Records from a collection
***

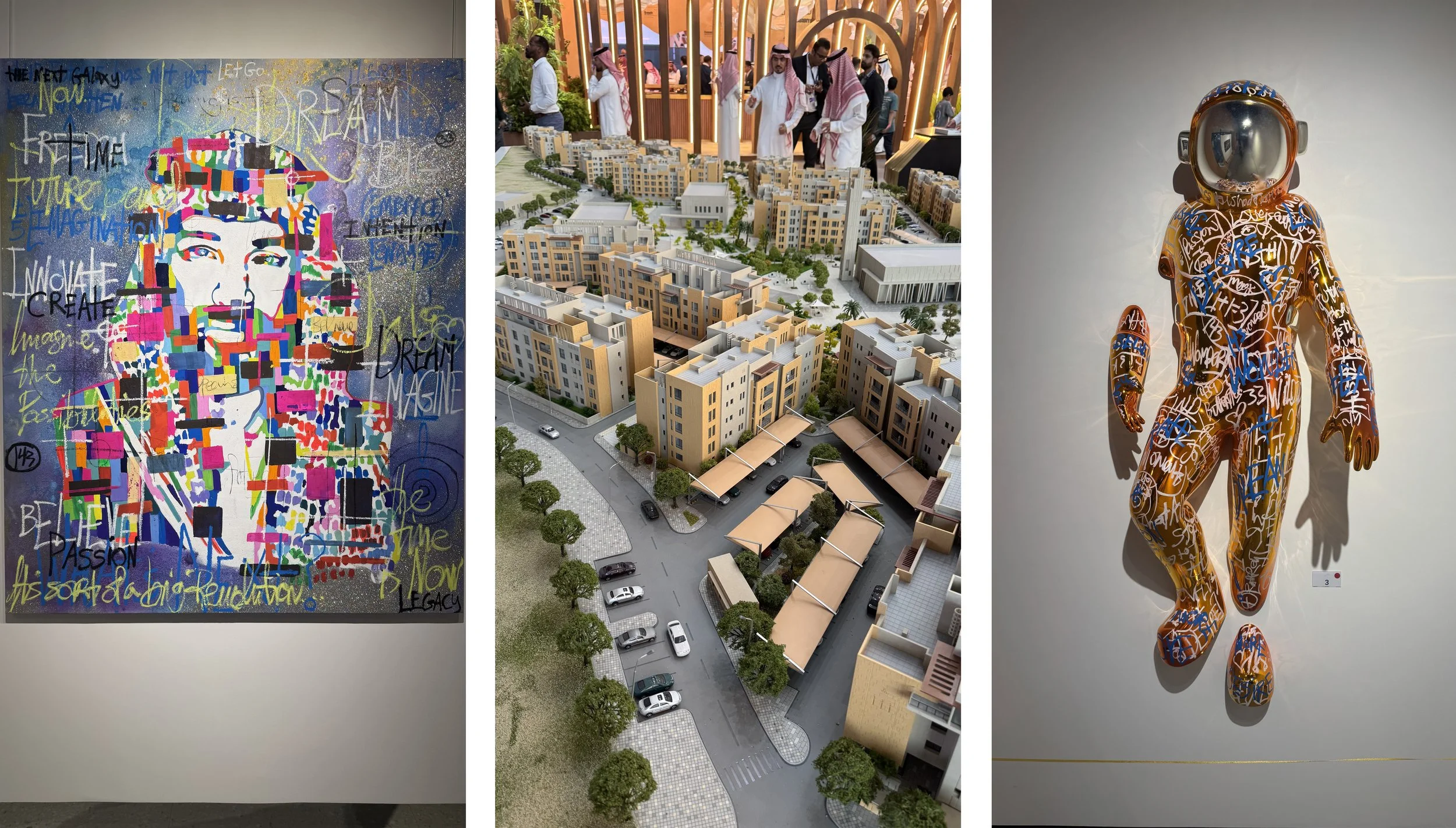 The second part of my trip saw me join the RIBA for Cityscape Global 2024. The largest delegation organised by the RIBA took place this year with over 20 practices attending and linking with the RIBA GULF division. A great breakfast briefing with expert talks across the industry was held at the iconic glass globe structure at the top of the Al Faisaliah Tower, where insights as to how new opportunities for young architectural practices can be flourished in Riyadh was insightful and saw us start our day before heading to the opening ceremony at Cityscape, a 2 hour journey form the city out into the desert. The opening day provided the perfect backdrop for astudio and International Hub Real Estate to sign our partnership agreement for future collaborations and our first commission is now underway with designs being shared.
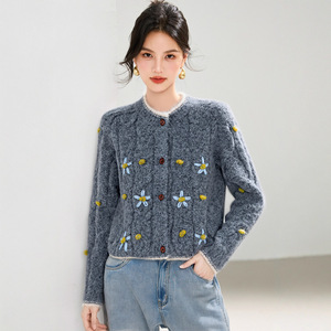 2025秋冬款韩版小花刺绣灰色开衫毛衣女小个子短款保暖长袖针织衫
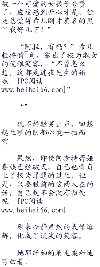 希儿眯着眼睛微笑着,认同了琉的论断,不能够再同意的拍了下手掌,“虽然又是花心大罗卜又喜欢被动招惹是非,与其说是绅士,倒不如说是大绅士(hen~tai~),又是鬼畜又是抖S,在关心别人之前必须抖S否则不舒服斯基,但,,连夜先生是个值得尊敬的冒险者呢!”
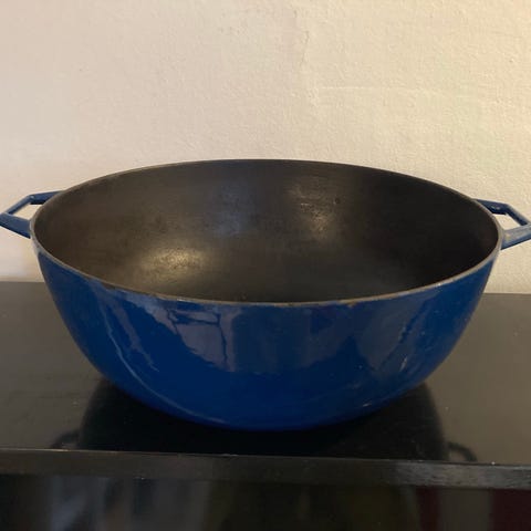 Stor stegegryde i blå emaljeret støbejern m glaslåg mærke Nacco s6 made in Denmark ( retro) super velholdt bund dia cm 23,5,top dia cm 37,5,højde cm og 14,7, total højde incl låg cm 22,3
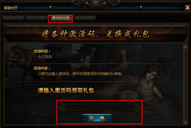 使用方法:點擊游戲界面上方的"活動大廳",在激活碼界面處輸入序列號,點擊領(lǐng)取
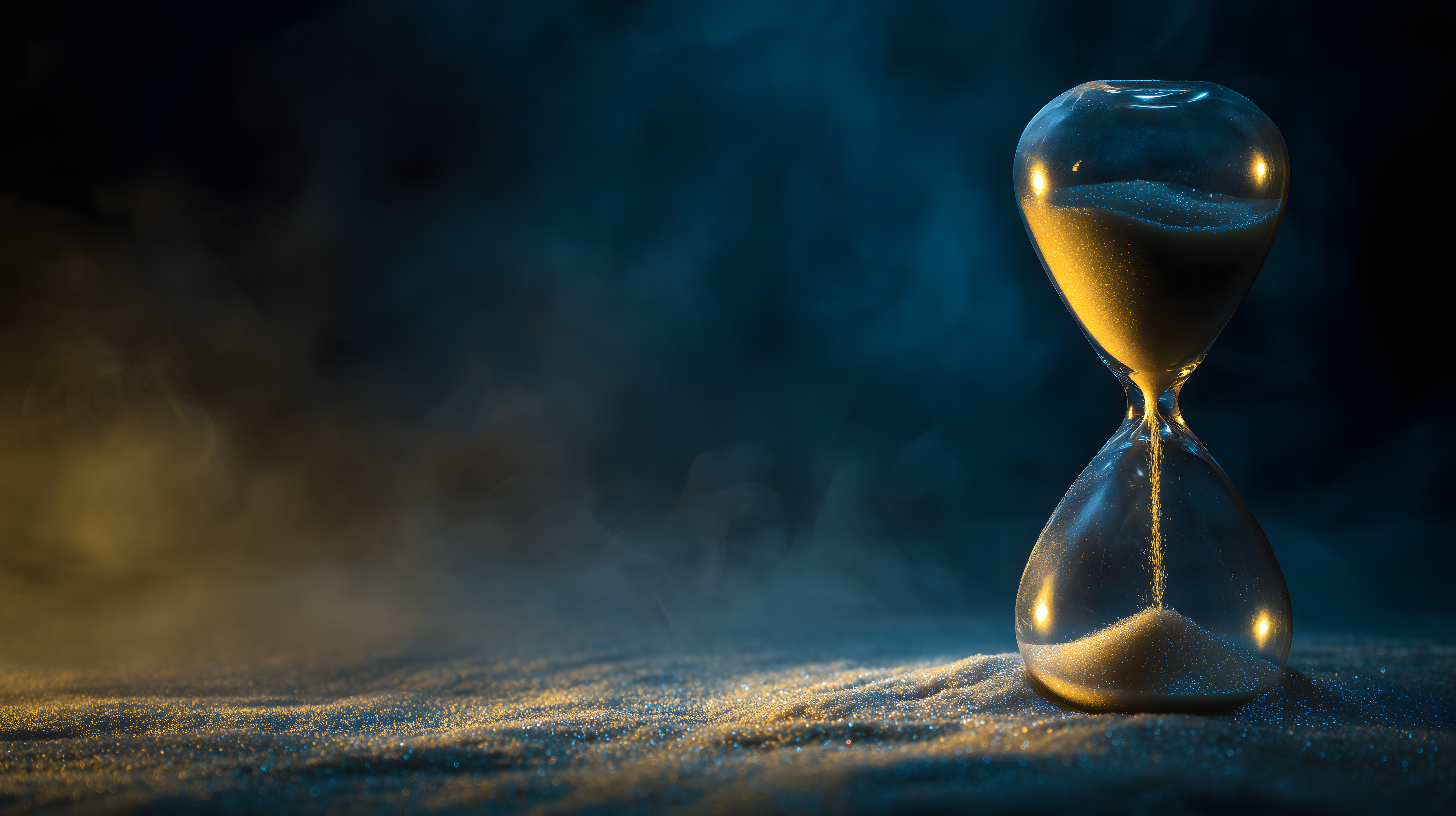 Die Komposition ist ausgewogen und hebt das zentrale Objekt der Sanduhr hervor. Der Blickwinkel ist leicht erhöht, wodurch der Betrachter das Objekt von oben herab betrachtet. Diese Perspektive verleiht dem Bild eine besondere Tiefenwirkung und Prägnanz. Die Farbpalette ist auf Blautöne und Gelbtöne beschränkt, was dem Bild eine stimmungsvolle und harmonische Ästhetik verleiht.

***

→ **Exercise details**:
Leave the pictures out, and retype exactly the lines from the one containing "希儿眯着眼睛微笑着,认同了琉" through the last line of the entries above, both included.

→ **Written solution**:
 希儿眯着眼睛微笑着,认同了琉的论断,不能够再同意的拍了下手掌,“虽然又是花心大罗卜又喜欢被动招惹是非,与其说是绅士,倒不如说是大绅士(hen~tai~),又是鬼畜又是抖S,在关心别人之前必须抖S否则不舒服斯基,但,,连夜先生是个值得尊敬的冒险者呢!”
 Stor stegegryde i blå emaljeret støbejern m glaslåg mærke Nacco s6 made in Denmark ( retro) super velholdt bund dia cm 23,5,top dia cm 37,5,højde cm og 14,7, total højde incl låg cm 22,3
 使用方法:點擊游戲界面上方的"活動大廳",在激活碼界面處輸入序列號,點擊領(lǐng)取
 Die Komposition ist ausgewogen und hebt das zentrale Objekt der Sanduhr hervor. Der Blickwinkel ist leicht erhöht, wodurch der Betrachter das Objekt von oben herab betrachtet. Diese Perspektive verleiht dem Bild eine besondere Tiefenwirkung und Prägnanz. Die Farbpalette ist auf Blautöne und Gelbtöne beschränkt, was dem Bild eine stimmungsvolle und harmonische Ästhetik verleiht.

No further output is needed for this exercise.